The prohibition exists for a single, clearly stated reason: long-term preservation requires that a conforming reader can access the document's content without any external dependency. An encrypted PDF requires a key. If that key is lost — which, over archival timescales, is likely — the document becomes permanently inaccessible. The standard eliminates this risk by prohibiting the mechanism entirely.

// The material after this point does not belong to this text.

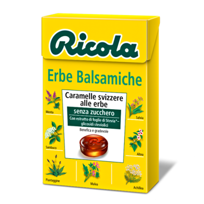 La caramella Ricola Erbe Balsamiche è la variante senza zucchero
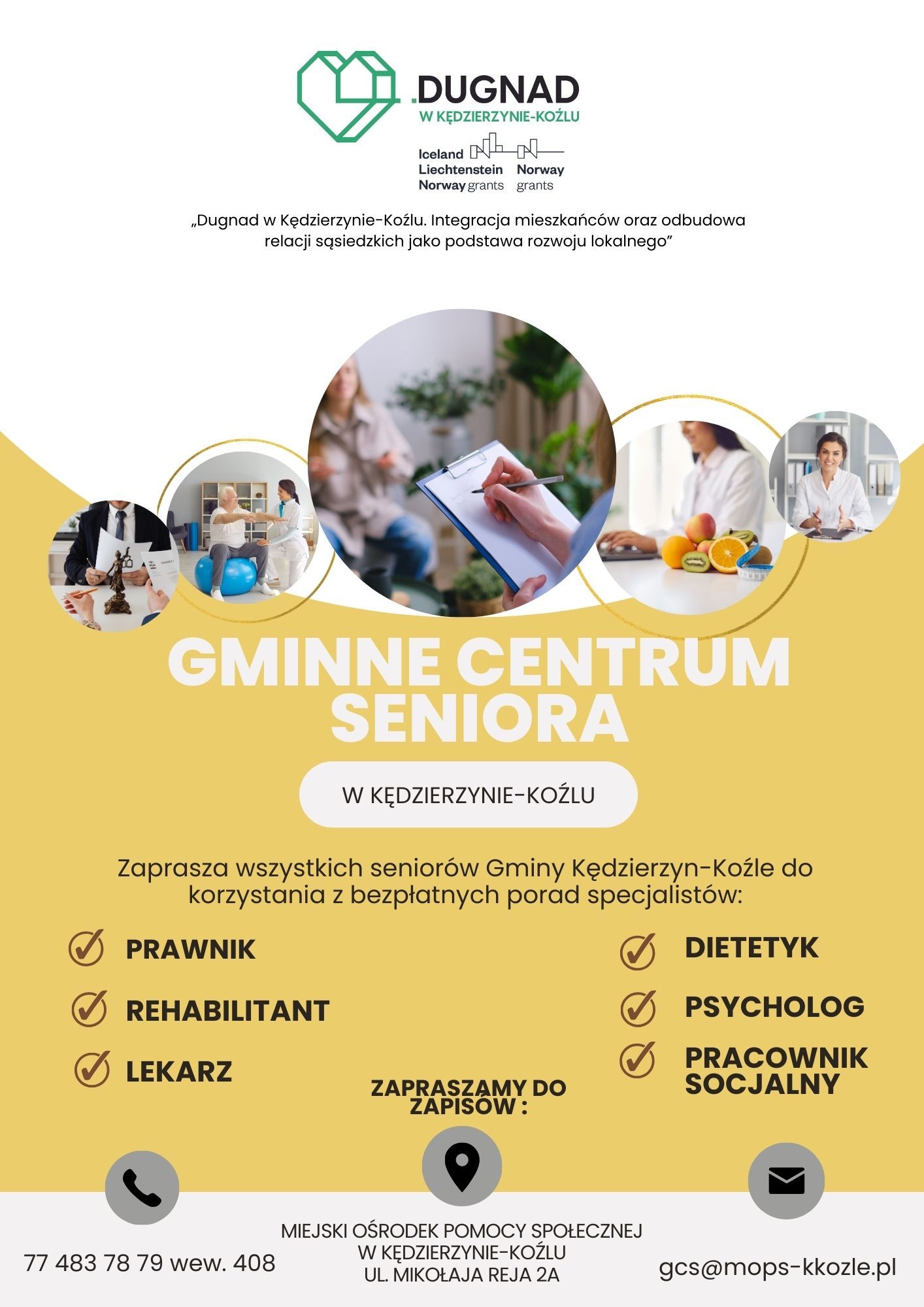 Zapraszamy do zapisów pod numerem 77 483 78 79 wew. 408 pod adresem Miejski Ośrodek Pomocy Społecznej ul. Mikołaja Reja 2a 47-224 Kędzierzyn-Koźle bądź Ten adres pocztowy jest chroniony przed spamowaniem. Aby go zobaczyć, konieczne jest włączenie w przeglądarce obsługi JavaScript.

This intent is confirmed by multiple authoritative sources:

  • The Library of Congress format description for PDF/A-3 states that PDF/A "differs from PDF by prohibiting features unsuitable for long-term archiving, such as font linking and encryption," with encryption understood as the PDF access-control mechanism. (loc.gov)

  • The NDSA 2014 report The Benefits and Risks of the PDF/A-3 File Format for Archival Institutions frames the preservation concern as future accessibility of the PDF container and its visible content — not the internal state of embedded file bitstreams. (digitalpreservation.gov)

  • The PDF Association's PDF/A in a Nutshell 2.0 describes the prohibition as applying to the document-level encryption mechanism, consistent with the self-containment and independence principles underlying all PDF/A versions.

What the standard does not govern

The PDF/A encryption prohibition has no jurisdiction over the content of embedded file bitstreams. A PDF/A-3 or PDF/A-4f validator inspects the PDF file structure — dictionaries, streams, cross-reference tables, and the Encrypt entry. It does not inspect, parse, or evaluate the semantic content of embedded files.

An embedded file whose bytes happen to be encrypted at the application layer is, from the PDF/A standard's perspective, an opaque bitstream. Its internal state is outside the standard's scope. The standard requires only that the file specification dictionary carries a MIME type, a ModDate, and an AFRelationship — nothing about the content of the bitstream itself.

This is the same principle that permits embedding a password-protected ZIP archive, an AES-encrypted binary, or any other format whose internal structure the standard cannot and does not evaluate.

How EPM uses this boundary

EPM v1.0 places encrypted content entirely on the application side of this boundary. When a payload is encrypted:

  • The encryption is performed by the EPM producer before the payload is base64-encoded into payload.content.
  • The encrypted bytes are then base64-encoded — producing a plain text string.
  • That plain text string lives inside a JSON field inside the EPM manifest.
  • The EPM manifest is a plain, unencrypted JSON file.
  • That JSON file is embedded as a plain, unencrypted PDF embedded file stream.
  • The host PDF carries no Encrypt dictionary.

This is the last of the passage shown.